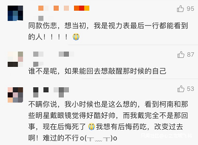 於是,有網友分享了自己當年為了耍酷,明明不近視還要戴眼鏡,最終真成近視眼的辛酸事……
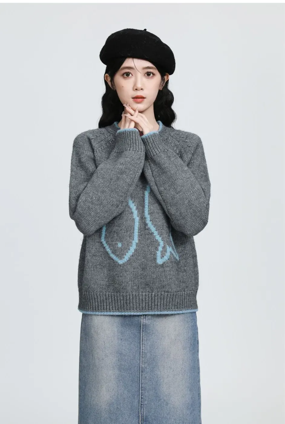 【限定款】卡通小馬提花減齡圓領針織衫
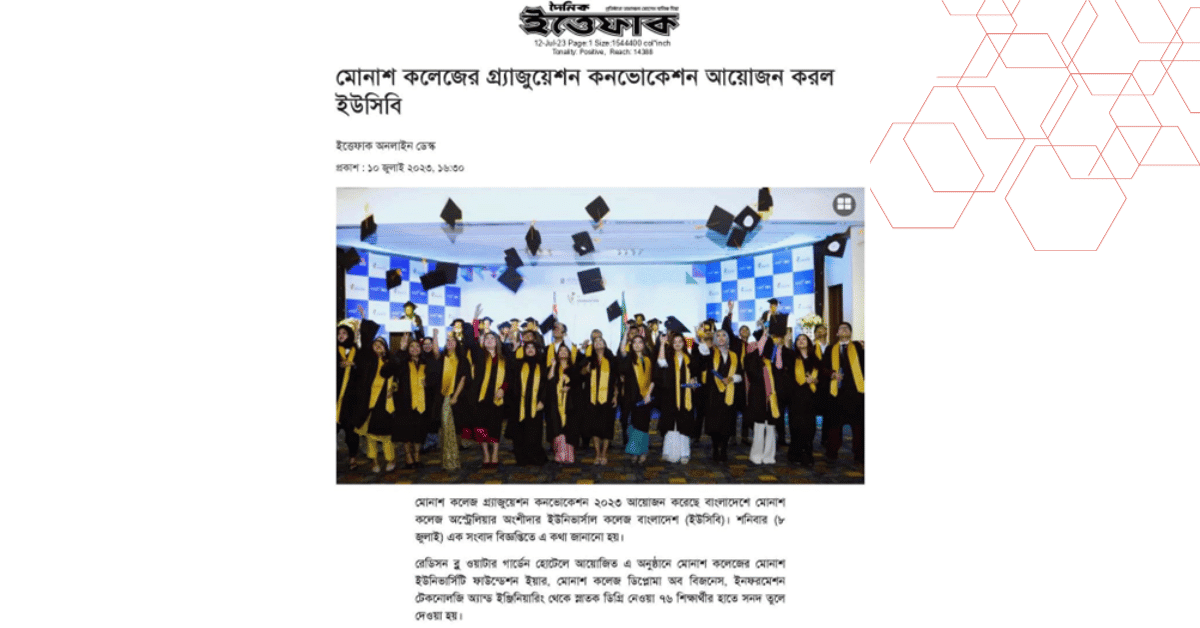 মোনাশ কলেজ গ্র্যাজুয়েশন কনভোকেশন ২০২৩ আয়োজন করেছে বাংলাদেশে মোনাশ কলেজ অস্ট্রেলিয়ার অংশীদার ইউনিভার্সাল কলেজ বাংলাদেশ (ইউসিবি)। শনিবার (৮ জুলাই) এক সংবাদ বিজ্ঞপ্তিতে এ কথা জানানো হয়।
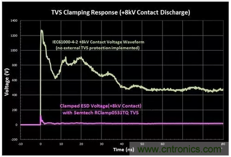 TVS Clamping Response ( 8kV Contact Discharge): TVS鉗位響應( 8kV接觸放電)8kV Contact voltage waveform: 8kV接觸電壓波形No external TVS protection implemented: 沒有使用外部TVS保護Clamped ESD voltage( 8kV contact) with Semtech RClamp0531TQ TVS: 使用Semtech RClamp0531TQ TVS的鉗位ESD電壓( 8kV接觸電壓)Time: 時間
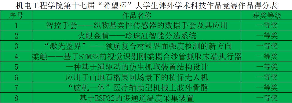 下一步,机电工程学院将组织获奖选手开展集中培训与作品打磨,邀请专家学者进行针对性指导,助力学生在学校总决赛中取得优异成绩。同时,学院将以 “希望杯” 竞赛为契机,持续深化创新创业教育改革,完善实践教学体系,搭建更多创新实践平台,着力培养具备创新精神、实践能力与家国情怀的高素质工程技术人才,为学校高质量发展与行业创新进步贡献力量。
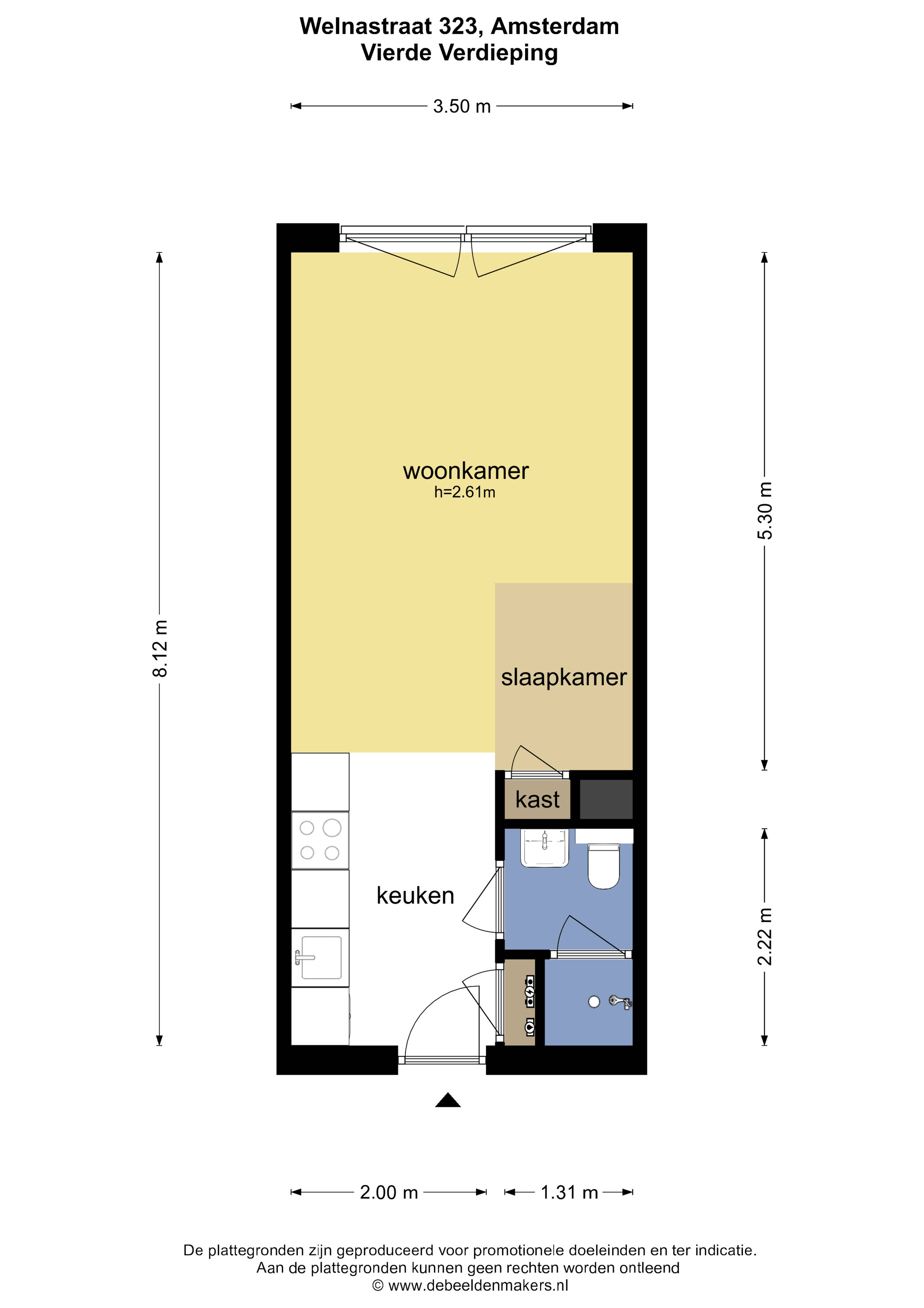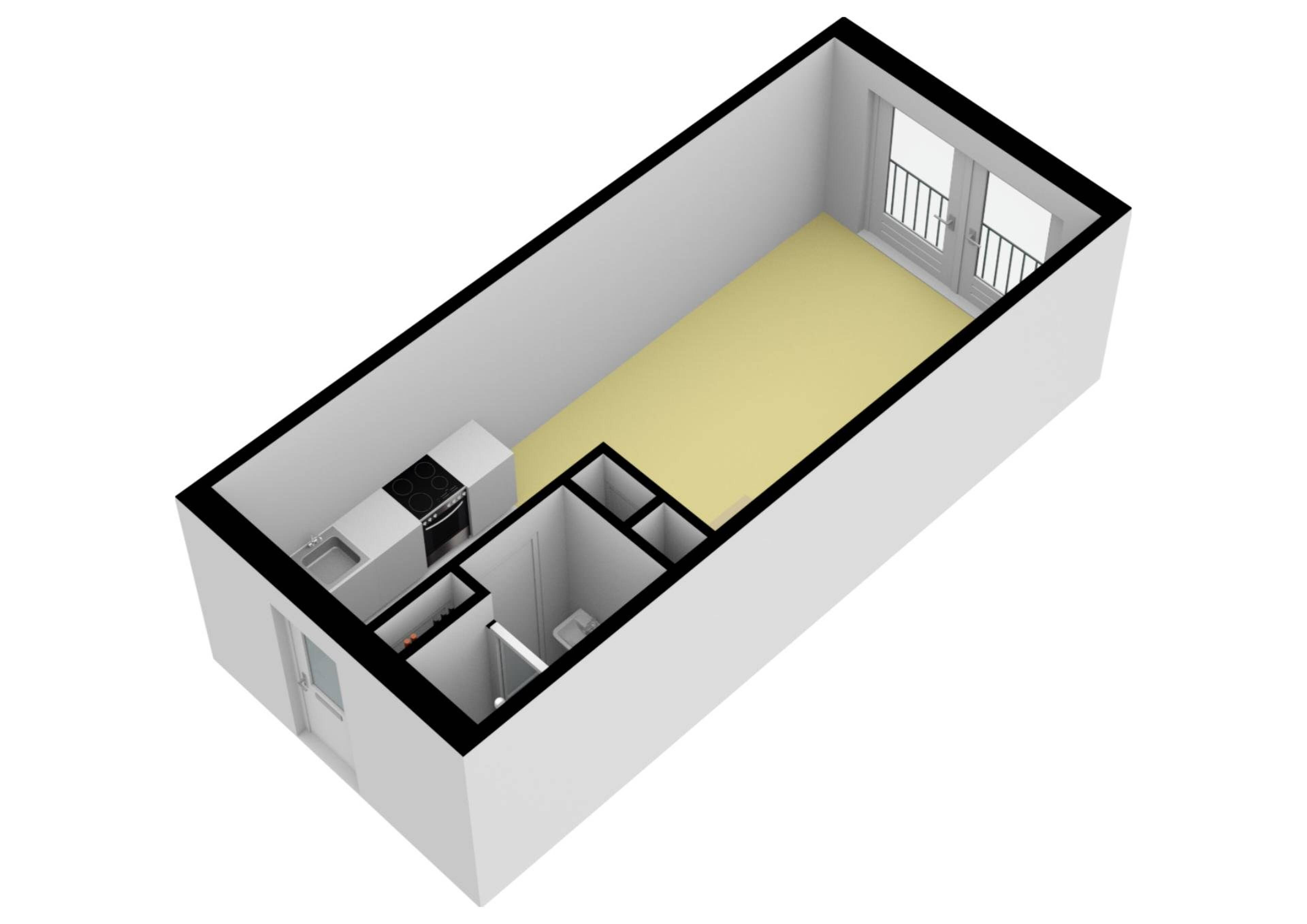 Vanuit de centrale hal met brievenbussen en bellentableau op de begane grond bereik je het trappenhuis met liften. Het appartement is gelegen op de vierde verdieping. Via de voordeur betreed je de keuken van de woning, met aan de linkerzijde de meterkast en de badkamer. De moderne badkamer is uitgerust met een wastafel, douche en zwevend toilet. De luxe keuken beschikt over een koelkast met vriesvak, combi-oven, keramische kookplaat, afzuigkap, wasmachine en vaatwasser. De woning is afgewerkt met een nette laminaatvloer welke voldoet aan de geluidsnormering en is voorzien van vloerverwarming. De studio is verder voorzien van een videofooninstallatie en een glasvezelaansluiting voor telefoon en data. In de kelder is een afsluitbare fietsenberging aanwezig met twee eigen fietsparkeerplekken. Daarnaast zijn er gezamenlijke loggia's, dakterrassen en een grote binnentuin om te relaxen, alleen of met medebewoners en vrienden.
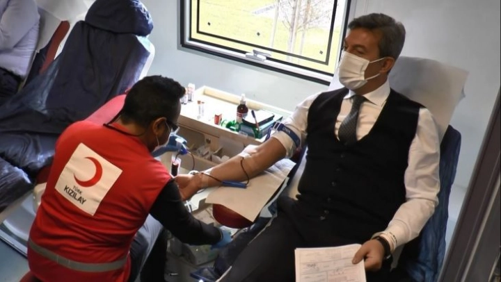 Emniyet Müdürü Levent Tuncer, Kızılay'ın kan depolarını doldurmanın bir vatandaşlık görevi olduğunu ifade ederek, 'Kızılay Haftası etkinlikleri kapsamında bizler de kurum olarak kan bağışında bulunmak için katılım sağladık. Kızılay'ın kurum içerisine getirdiği kan alma araçları ile personel olarak büyük bir duyarlılıkla kan bağışında bulunuyoruz. Bu beni ve ekibimi son derece mutlu ediyor. Ben de kampanyaya kan vermek suretiyle katkıda bulundum. Kan bağışlamanın ne kadar önemli olduğunu sizler de biliyorsunuz. Tıp olarak yapılamayan tek şeyin kan olduğunu biliyoruz. Bizler de kan vermek suretiyle destek veriyoruz. Özellikle içinde bulunduğumuz pandemi dolayısıyla kan alımlarında bir azalma oldu, bizler de bu azalmayı önlemek için kan bağışında bulunuyoruz. Kızılay'ın kan depolarını doldurmak hepimize görev olarak düşüyor. Ekibim olarak kan vermekten son derece mutlu olduğumu da belirtmek istiyorum' dedi.
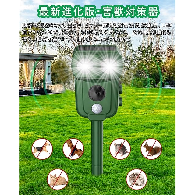 【2025最新増強版&害獣対策器】最新高機能版の動物撃退器、赤外線自動感知で害獣などを感知。感知すると超音波スピーカーで、動物が嫌がる超音波を発生。動物は機械に慣れるという特性がありますが、当製品は揺らぎのある超音波で、厄介な動物慣れを防ぎます。改良版の動物撃退器は赤外線感知センサー面積と超音波周波頻度、LED強フラッシュの改良により、検知範囲が広くなり、対応動物種類も増え、退治効果も増強できました。動物愛護の観点から作られた撃退器です。動物を傷つけずに追い払うことができます。
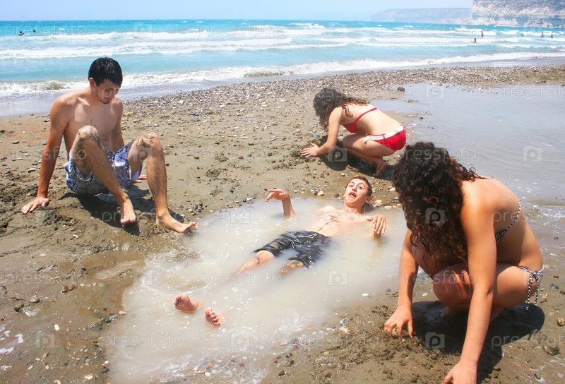 Компания молодых людей развлекаются на пляже
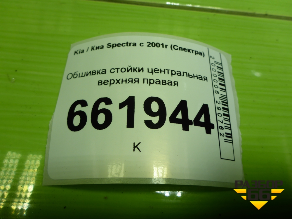 Обшивка стойки центральная верхняя правая (22725402210) для Kia Spectra с 2001г (Спектра) в Челябинске
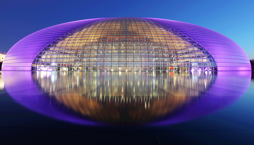 新春佳节,2月17日,北京国家大剧院点亮节日景观,夜幕下流光溢彩,五彩缤纷庆新春。图片来源:视觉中国

**********

- **Exercise instructions**
The records above are to be repeated word for word, with the pictures omitted.

- **Result for this task**
 於是,有網友分享了自己當年為了耍酷,明明不近視還要戴眼鏡,最終真成近視眼的辛酸事……
 【限定款】卡通小馬提花減齡圓領針織衫
 মোনাশ কলেজ গ্র্যাজুয়েশন কনভোকেশন ২০২৩ আয়োজন করেছে বাংলাদেশে মোনাশ কলেজ অস্ট্রেলিয়ার অংশীদার ইউনিভার্সাল কলেজ বাংলাদেশ (ইউসিবি)। শনিবার (৮ জুলাই) এক সংবাদ বিজ্ঞপ্তিতে এ কথা জানানো হয়।
 TVS Clamping Response ( 8kV Contact Discharge): TVS鉗位響應( 8kV接觸放電)8kV Contact voltage waveform: 8kV接觸電壓波形No external TVS protection implemented: 沒有使用外部TVS保護Clamped ESD voltage( 8kV contact) with Semtech RClamp0531TQ TVS: 使用Semtech RClamp0531TQ TVS的鉗位ESD電壓( 8kV接觸電壓)Time: 時間
 下一步,机电工程学院将组织获奖选手开展集中培训与作品打磨,邀请专家学者进行针对性指导,助力学生在学校总决赛中取得优异成绩。同时,学院将以 “希望杯” 竞赛为契机,持续深化创新创业教育改革,完善实践教学体系,搭建更多创新实践平台,着力培养具备创新精神、实践能力与家国情怀的高素质工程技术人才,为学校高质量发展与行业创新进步贡献力量。
 Vanuit de centrale hal met brievenbussen en bellentableau op de begane grond bereik je het trappenhuis met liften. Het appartement is gelegen op de vierde verdieping. Via de voordeur betreed je de keuken van de woning, met aan de linkerzijde de meterkast en de badkamer. De moderne badkamer is uitgerust met een wastafel, douche en zwevend toilet. De luxe keuken beschikt over een koelkast met vriesvak, combi-oven, keramische kookplaat, afzuigkap, wasmachine en vaatwasser. De woning is afgewerkt met een nette laminaatvloer welke voldoet aan de geluidsnormering en is voorzien van vloerverwarming. De studio is verder voorzien van een videofooninstallatie en een glasvezelaansluiting voor telefoon en data. In de kelder is een afsluitbare fietsenberging aanwezig met twee eigen fietsparkeerplekken. Daarnaast zijn er gezamenlijke loggia's, dakterrassen en een grote binnentuin om te relaxen, alleen of met medebewoners en vrienden.
 Emniyet Müdürü Levent Tuncer, Kızılay'ın kan depolarını doldurmanın bir vatandaşlık görevi olduğunu ifade ederek, 'Kızılay Haftası etkinlikleri kapsamında bizler de kurum olarak kan bağışında bulunmak için katılım sağladık. Kızılay'ın kurum içerisine getirdiği kan alma araçları ile personel olarak büyük bir duyarlılıkla kan bağışında bulunuyoruz. Bu beni ve ekibimi son derece mutlu ediyor. Ben de kampanyaya kan vermek suretiyle katkıda bulundum. Kan bağışlamanın ne kadar önemli olduğunu sizler de biliyorsunuz. Tıp olarak yapılamayan tek şeyin kan olduğunu biliyoruz. Bizler de kan vermek suretiyle destek veriyoruz. Özellikle içinde bulunduğumuz pandemi dolayısıyla kan alımlarında bir azalma oldu, bizler de bu azalmayı önlemek için kan bağışında bulunuyoruz. Kızılay'ın kan depolarını doldurmak hepimize görev olarak düşüyor. Ekibim olarak kan vermekten son derece mutlu olduğumu da belirtmek istiyorum' dedi.
 【2025最新増強版&害獣対策器】最新高機能版の動物撃退器、赤外線自動感知で害獣などを感知。感知すると超音波スピーカーで、動物が嫌がる超音波を発生。動物は機械に慣れるという特性がありますが、当製品は揺らぎのある超音波で、厄介な動物慣れを防ぎます。改良版の動物撃退器は赤外線感知センサー面積と超音波周波頻度、LED強フラッシュの改良により、検知範囲が広くなり、対応動物種類も増え、退治効果も増強できました。動物愛護の観点から作られた撃退器です。動物を傷つけずに追い払うことができます。
 Компания молодых людей развлекаются на пляже
 Обшивка стойки центральная верхняя правая (22725402210) для Kia Spectra с 2001г (Спектра) в Челябинске
 新春佳节,2月17日,北京国家大剧院点亮节日景观,夜幕下流光溢彩,五彩缤纷庆新春。图片来源:视觉中国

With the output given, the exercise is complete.